Naomi and her group has rooms in the Holiday Inn, but NCPR doesn’t give me an expense account so I’d arranged to stay in the home of a friend. It meant a thirty-minute bike ride to the outskirts of the city so I suited up with a bright yellow windbreaker, a headlamp, a reflective vest and front and rear lights on my bicycle.
Night riding is not for the timid but Kingston has bike lanes on many of its streets and now and then I rode on a sidewalk. I passed the long wall of the Kingston penitentiary and parks along the lake then turned inland and pedaled past St. Lawrence College out to a wide road lined with shopping malls. Finally I turned into a residential neighborhood. My hostess was away but we’d exchanged emails and she’d given me the code numbers that would lift the garage door so I could get into the house that way.
I leaned my bike against the garage, punched in the numbers and watched the garage door lift. The garage was neat and the concrete floor swept. This became important when I realized the door into the house, the door I thought would be unlocked, was not. It was midnight, I was very tired, and my lodging choice had just been downgraded.

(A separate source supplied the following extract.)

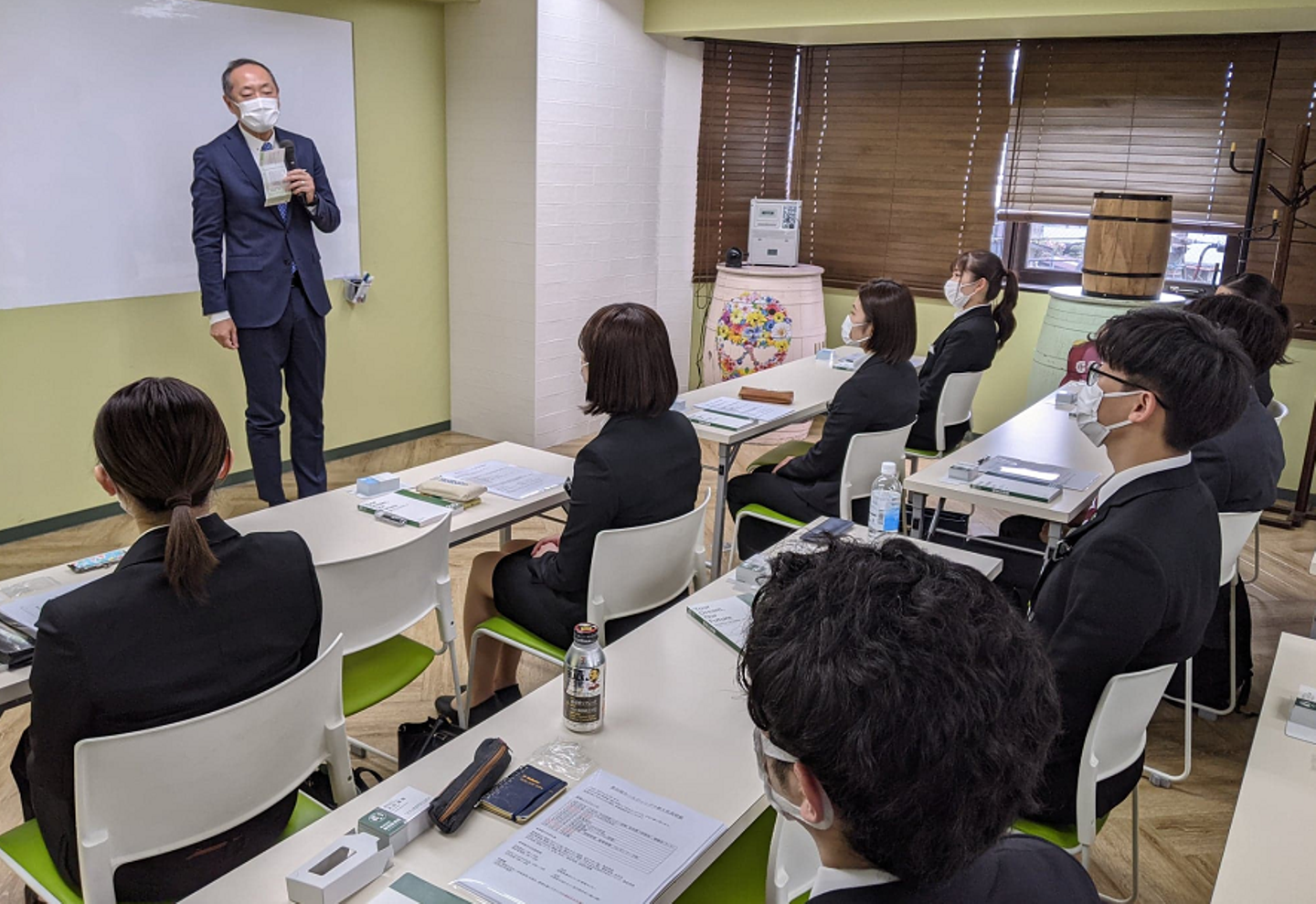 弊社の入社式は式の後に懇親会を行うのが恒例です。今回は感染対策を十分に考慮した上でということで、例年とは違ったお弁当スタイル(飲食部門の先輩社員によるお手製)になりましたが、柴田屋らしく皆さんを迎え入れることができたと思います。

After a touch of panic I wheeled my bicycle in and shut the garage door. I didn’t need much, just a flat place to lie down on and I had that. Amazingly two Thermarest foam pads leaned against one wall and in a bag of clothes to give to a thrift shop I found a pillow. Further searching revealed a zipped plastic bag with an old duffet folded inside. Perfect! I arranged my bed and on the floor.
Fortunately I’m a person who can sleep well anywhere, and I did.